Considering Cannabis as an Essential Nutrient

Cannabis is complex. It is composed of hundreds of compounds: cannabinoids, terpenes, and flavonoids, and quite a few others. These compounds alter their composition, and their effects, when heat is applied through a process called decarboxylation. Other chemical and reactive changes take place depending on...

Cannabis is complex.

It is composed of hundreds of compounds: cannabinoids, terpenes, and flavonoids, and quite a few others. These compounds alter their composition, and their effects, when heat is applied through a process called decarboxylation. Other chemical and reactive changes take place depending on how the cannabis is delivered.

Cannabis may be inhaled via the lungs to the brain, ingested and then processed by the liver, applied topically and absorbed through the skin, or even administered as a suppository. Despite all the research that has been done—and there is far more out there than they'd have us believe—we are still only scratching the surface in our understanding of this remarkable plant and its properties. In addition, there are also hundreds of different strains available, each with its own unique compound profile.

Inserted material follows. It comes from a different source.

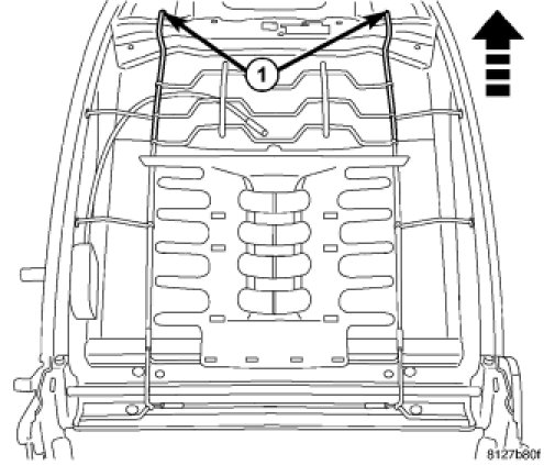 3. Place lumbar mat onto seat back frame and insert the upper support wires (1) into the frame.
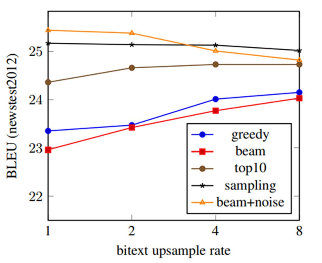 Beam과 greedy는 upsample rate이 증가할 수록 성능이 높아진다. 이는 해당 방법을 통해 생성된 인공 데이터가 bitext만큼의 효과적인 training signal을 제공하지 않기 때문이다. 반면 sampling, beam+noise의 방법들은 upsampling이 오히려 중요하지 않은 것으로 나타난다. 이미 학습과정에서 인공 데이터를 통해 강한 training signal을 제공받아 심화된 학습을 하기 때문에 굳이 실제 데이터를 보지 않아도 좋은 결과를 산출하는 것이다.

Despite these complexities, we can summarize the currently accepted uses of cannabis into two broad categories with respect to why it is consumed in any of the above mentioned ways. 1) As an intoxicant and 2) as a medicine.

I would like to suggest a third category, to consider cannabis as an essential nutrient for human health.

The idea is not as farfetched as it sounds. We know that our bodies contain naturally occurring cannabinoids, called endocannabinoids, which regulate many of the systems in our bodies (sleep, appetite, reproduction, temperature, mood, etc) but perhaps most importantly, our immune system. Through a variety of specialized receptors, these endocannabinoids assist the body in dealing with infection, inflammation, and a wide range of diseases. They have even been implicated in helping to fight tumours and cancers.

Therefore, if our bodies are naturally producing cannabinoids, might it be a good idea from time to time to supplement with additional compounds when we are not producing enough on our own?

Nutritionists claim that it is important to eat the correct types and ratios of food so that our bodies can obtain the naturally occurring nutrients and fats we require to keep our bodies healthy. We also know that when our bodies lack a particular nutrient, a variety of unhealthy conditions may occur, and we are encouraged to support our intake with supplements to create the balance that is needed. Is it that far a stretch to think that our bodies might require the compounds that cannabis provides when we don’t have enough cannabinoids within us? We are exposed to toxins every day, in the food we eat, the water we drink, the air we breathe, etc... Our immune systems are working overtime to try and deal with these poisons. If cannabinoids play a role in regulating the immune system, perhaps an extra dose when required would help us stay balanced and healthier.

We already know that mother’s breast milk is rich in endocannabinoids, and there are suggestions that it is these endocannabinoids that help trigger vital parts of the infant’s immune system. Does it not stand to reason, then, that if the infant does not get enough of these endocannabinoids through its mother’s milk that the child’s immune system might not be functioning at its peak? Furthermore, is it therefore probable that formula fed infants are at a disadvantage because they are not obtaining the essential compounds that are required to put their immune systems in good working order? Could this be the reason we have seen so many cancers, allergies, etc, in young children?

Already some researchers have suggested something called Cannabis Deficit Disorder. This describes situations when there are simply not enough cannabinoids in the body to properly deal with the variety of toxins we humans are exposed to in our environments. Is it possible that by supplementing our diets with phytocannabinoids (i.e. plant based cannabinoids) that we would be providing our bodies with the essential nutrient that is required to keep us healthy?

Some might suggest that this is simply not possible since most people don’t want to walk around intoxicated (i.e. stoned or high) all the time. But there is no need for that concern. Firstly, by switching from high-THC cannabis strains to ones that balance CBD and THC, it is possible to remove virtually all the psychoactive effect. Further, there is a growing movement suggesting that consuming raw cannabis may provide us with all the compounds we need to stay healthy without the associated high.

For too long the medical community has resisted the idea that cannabis is a medicine. In a sense, perhaps they are right. Would you consider an orange to be medicine? Probably not. Yet, way back in time many sailors suffered from scurvy, a disease brought about by a deficiency of vitamin C. By consuming citrus fruits like oranges, the disease was curtailed and eventually eliminated. But we still don’t think of oranges as medicine.

Maybe it is time to think the same way about cannabis, the most essential nutrient required for human health.